# Activity:
Only one span is wanted from the lines below: from the one with "In the STAP" up to and including the one with "记者还注意到,部分节能家电标". Copy it exactly, without images.

Top of Task material

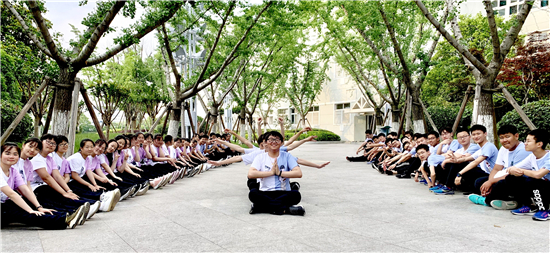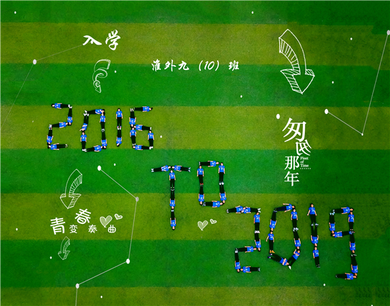 以绿茵场为背景,用航拍器做眼睛,通过创意造型配上文字“重现”初中生活片段……2019年5月下旬,拍完毕业照后,淮安外国语学校初三各班相继拍摄创意毕业照,学生们说,想用这种方式留住陪伴自己三年的花与树,留下最灿烂搞怪的青春笑颜。
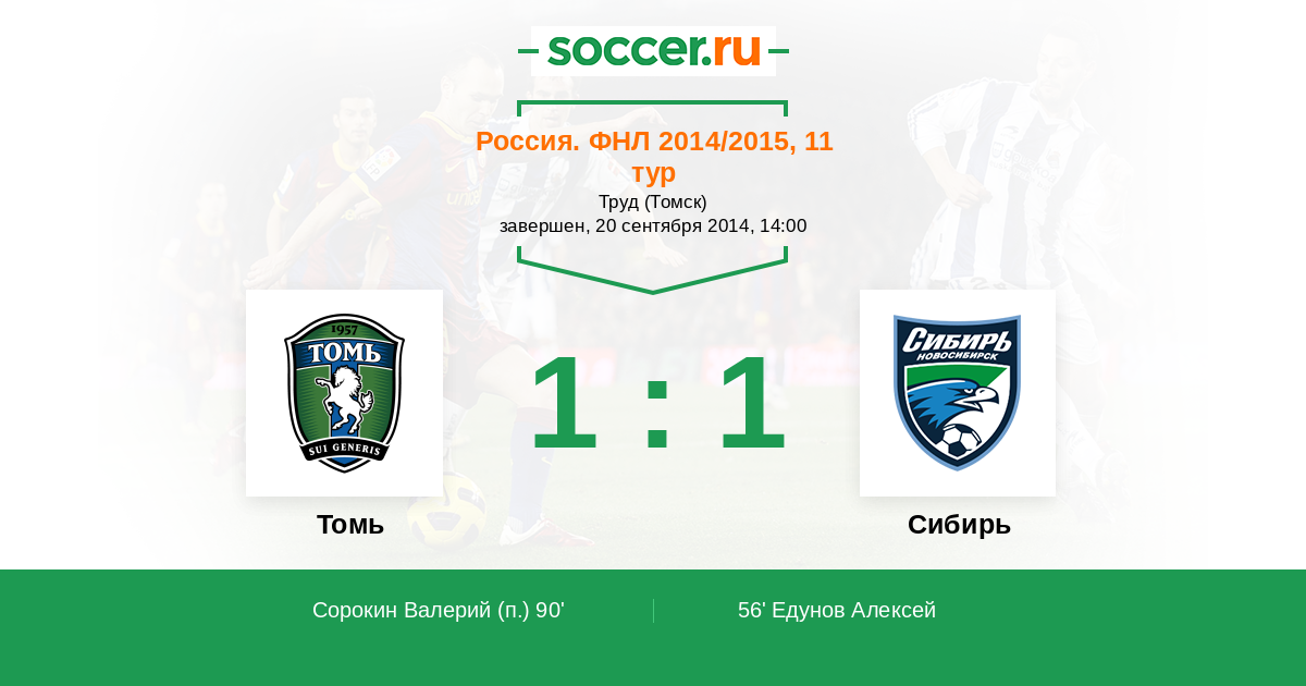 Томь - Сибирь: обзор матча 20 сентября 2014
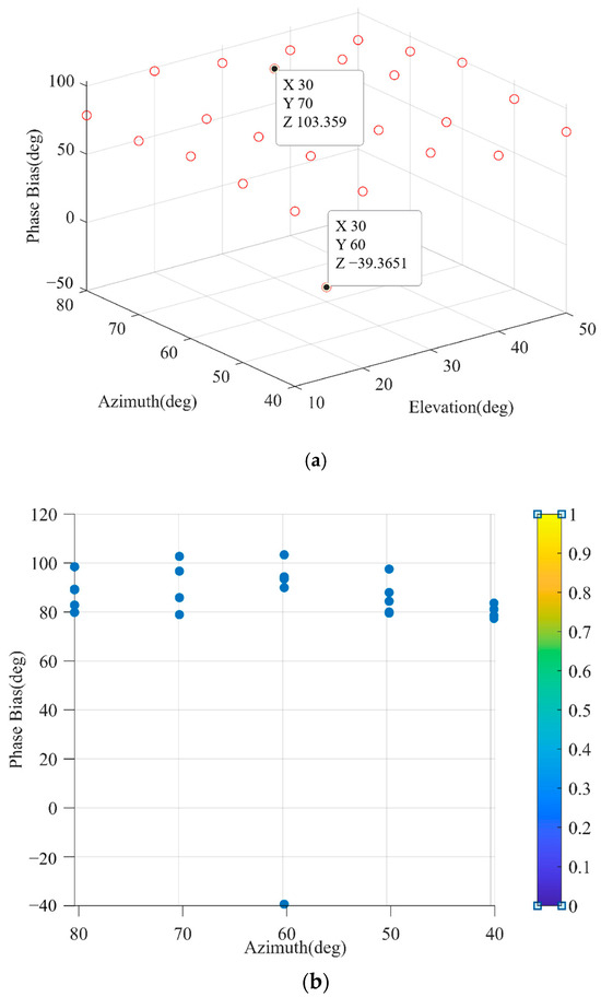 In the STAP PI algorithm, the phase biases of three-dimension distribution and two-dimension distribution are shown in Figure 8a,b. The phase bias ranges from to . When the direction of the interference signal is the same as the satellite signal, the phase bias is .
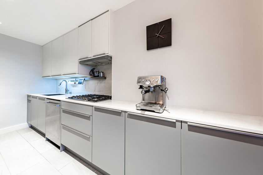В этой квартире по проекту дизайнера Маши Гульбекян (студия GuDesign) нельзя было объединять кухню и гостиную, так как первая газифицирована. Но визуально это все-таки сделали, использовав стеклянную перегородку со сдвижными дверьми. Это добавляет маленькой кухне воздуха и пространства, но при этом все необходимые требования соблюдены.
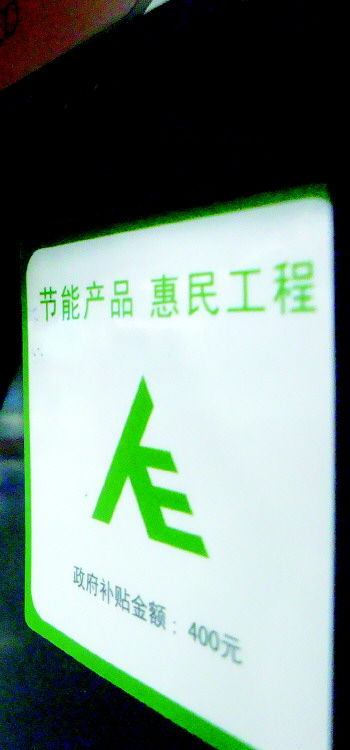 记者还注意到,部分节能家电标识已经到位,该标识除了节能惠民“人”字型标志外,还标明了补贴金额,卖场工作人员表示,所有节能家电标识将会贴在产品外包装上,方便消费者识别。
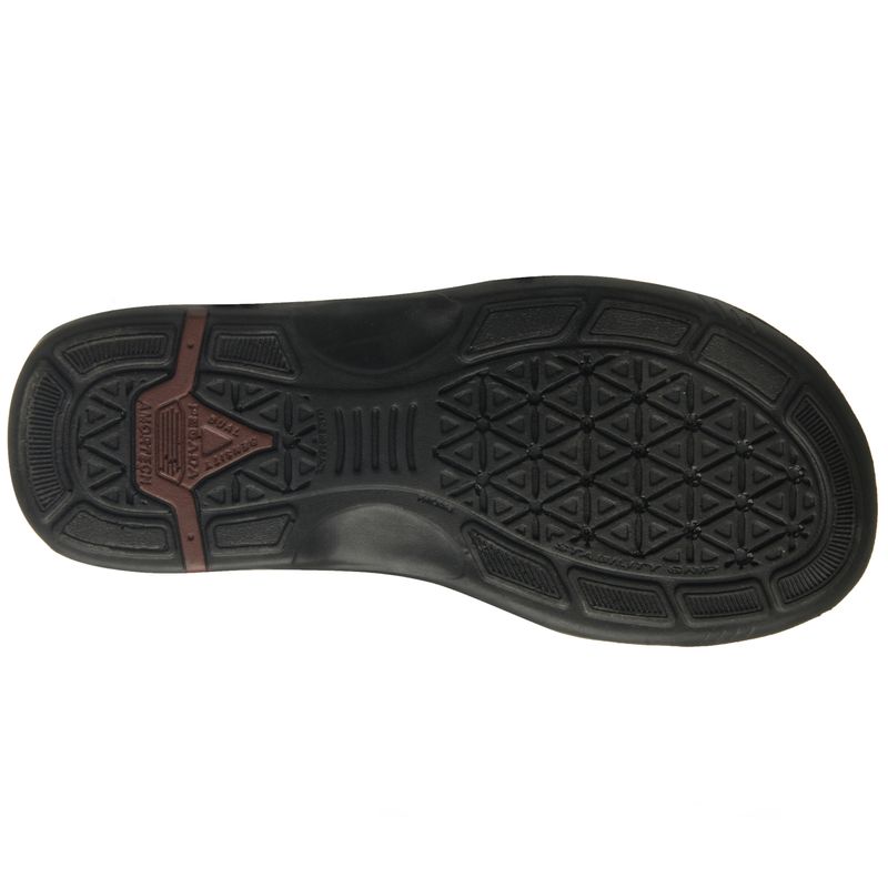 Esse chinelo é fabricado em couro, matéria prima de alta qualidade, resistência e durabilidade. O solado é leve e flexível, e conta ainda com o sistema de amortecimento AMORTECH, através de tubos que absorvem o impacto na regiao do calcanhar. A palmilha é anatômica feita em eva que se adapta ao formato do pé com massageadores triangulares.

Bottom of Task material

# The completed task:
 In the STAP PI algorithm, the phase biases of three-dimension distribution and two-dimension distribution are shown in Figure 8a,b. The phase bias ranges from to . When the direction of the interference signal is the same as the satellite signal, the phase bias is .
В этой квартире по проекту дизайнера Маши Гульбекян (студия GuDesign) нельзя было объединять кухню и гостиную, так как первая газифицирована. Но визуально это все-таки сделали, использовав стеклянную перегородку со сдвижными дверьми. Это добавляет маленькой кухне воздуха и пространства, но при этом все необходимые требования соблюдены.
 记者还注意到,部分节能家电标识已经到位,该标识除了节能惠民“人”字型标志外,还标明了补贴金额,卖场工作人员表示,所有节能家电标识将会贴在产品外包装上,方便消费者识别。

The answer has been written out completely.